The Prime Minister of Bangladesh (), officially Prime Minister of the People's Republic of Bangladesh () is the chief executive of the government of Bangladesh. The Prime Minister and the Cabinet are collectively accountable for their policies and actions to the Parliament, to their political party and ultimately to the electorate. The Prime Minister is ceremonially appointed by the President of Bangladesh.

The position was taken over by the military during years of 1975–78, 1982-86 and 1990-91 due to imposed martial law. In each of these periods, the national government leadership was in control of the military with the executive authority of the President and the Prime Minister. During the period between 1996 and 2008, The Chief Adviser of the Caretaker Government of the People's Republic of Bangladesh exercised authority as per the constitution as the Head of government for 90 days during transition between one elected government to another. The Chief Adviser headed an Advisory Committee comprising ten Advisers. With powers roughly equivalent to those of the Prime Minister of an elected governments, his executive power was constrained with certain constitutional limitations. The system was scrapped in 2011 by 15th amendment of constitution to allow political government to conduct any General Election in future.

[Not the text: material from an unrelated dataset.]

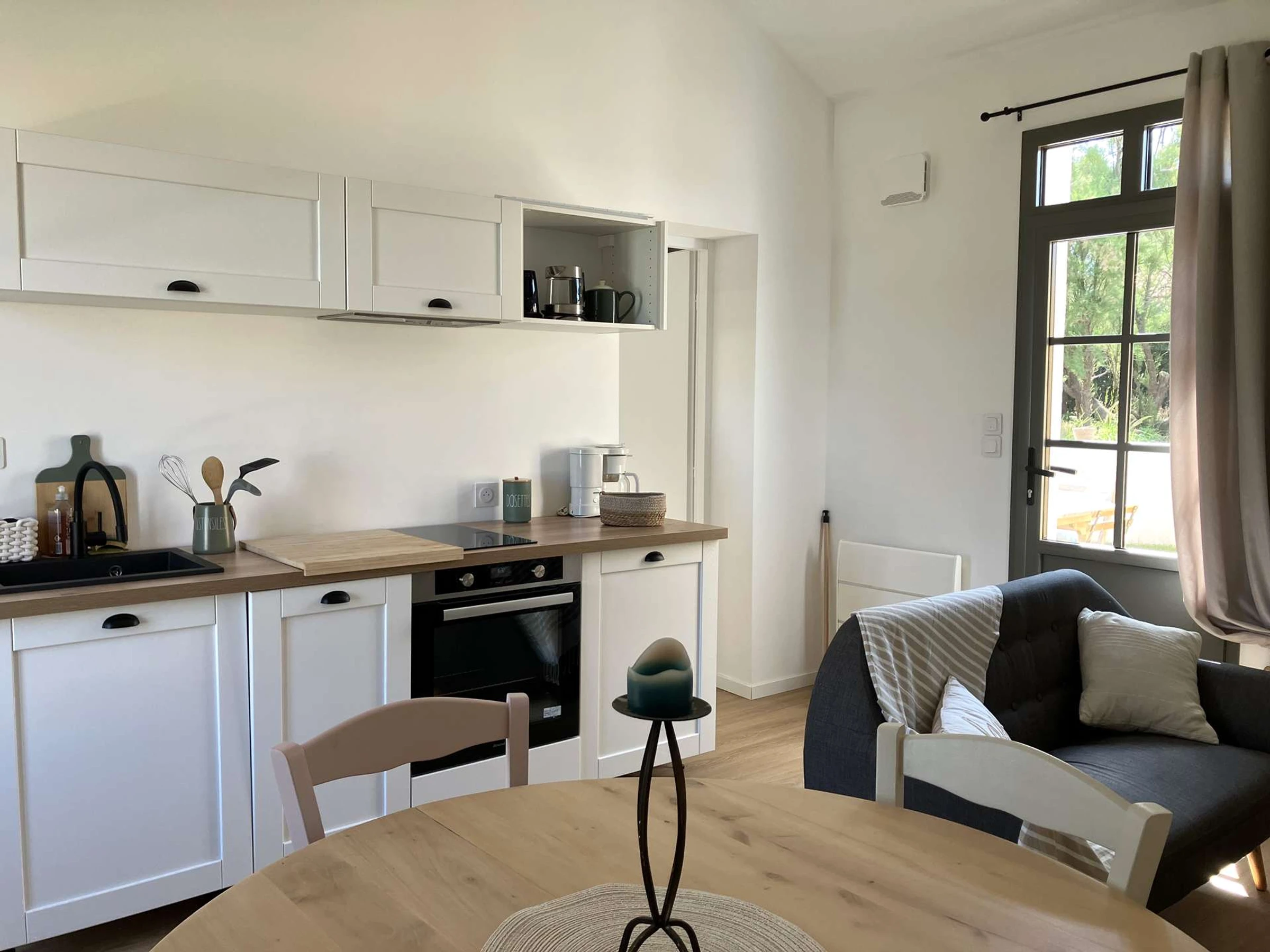 Das helle Wohnzimmer besteht aus einer kleinen Einbauküche mit Essbereich und einem gemütlichen Ruhebereich. Die beiden Schlafzimmer sind unabhängig und verfügen jeweils über ein Doppelbett.

The current prime minister, Sheikh Hasina, was appointed on 6 January 2009 by the President of Bangladesh, and she is also the longest serving prime minister in the country and still is.

Appointment
According to the Constitution, the prime minister is appointed by the President based upon the result of the electorates choice in parliamentary general election held by the Election Commission. The Prime Minister will be the leader of the majority party (or coalition) in the Jatiya Sangsad and must have the confidence of the Jatiya Sangsad to govern. The cabinet is composed of ministers selected by the prime minister and appointed by the president. At least 90% of the ministers must be MPs. The other 10% may be non-MP experts or "technocrats" who are not otherwise disqualified from being elected MPs. According to the constitution, the president can dissolve Parliament upon the written request of the prime minister. The appointments of the Prime Minister and other Ministers of state and deputy Ministers, shall be made by the President:
Provided that not less the nine tenths of their number shall be appointed from among members of parliament and not more than one tenth of their number may be chosen from among persons qualified for election as members of parliament.

Eligibility

Oath
The Prime Minister is appointed and sworn in by the President:

Bangla

" আমি, (নাম),  সশ্রদ্ধচিত্তে শপথ (বা দৃঢ়ভাবে ঘোষণা) করিতেছি যে, আমি আইন-অনুযায়ী সরকারের প্রধানমন্ত্রী (কিংবা ক্ষেত্রমত মন্ত্রী, প্রতি-মন্ত্রী, বা উপমন্ত্রী)-পদের কর্তব্য বিশ্বস্ততার সহিত পালন করিব: আমি বাংলাদেশের প্রতি অকৃত্রিম বিশ্বাস ও আনুগত্য পোষণ করিব; আমি সংবিধানের রক্ষণ, সমর্থন ও নিরাপত্তাবিধান করিব; এবং আমি ভীতি বা অনুগ্রহ, অনুরাগ বা বিরাগের বশবর্তী না হইয়া সকলের প্রতি আইন-অনুযায়ী যথাবিহীত আচরণ করিব।”

English

In English, "I, (name) do swear with honor (or solemnly affirm) that I, according to the laws, shall faithfully discharge the functions of the office of the Prime Minister (or Minister or State Minister or Sub-minister, as the circumstances allow). I shall possess pure faith and obedience to Bangladesh. I shall preserve, support and secure the constitution and I shall deal with all with equity as suggested by laws, without being affected by fear or mercy, love or hatred."

Duties of the office 

The office of the Prime Minister is located at Tejgaon in Dhaka city. It is considered a ministry of the government and among other duties, provides clerical, security, and other support to the prime minister, governs intelligence affairs, NGOs, and arranges protocol and ceremonies.

Leader of the House

The Leader of the House is responsible for managing and scheduling Government business in the Jatiya Sangsad. The office is always held by Prime Minister of Bangladesh.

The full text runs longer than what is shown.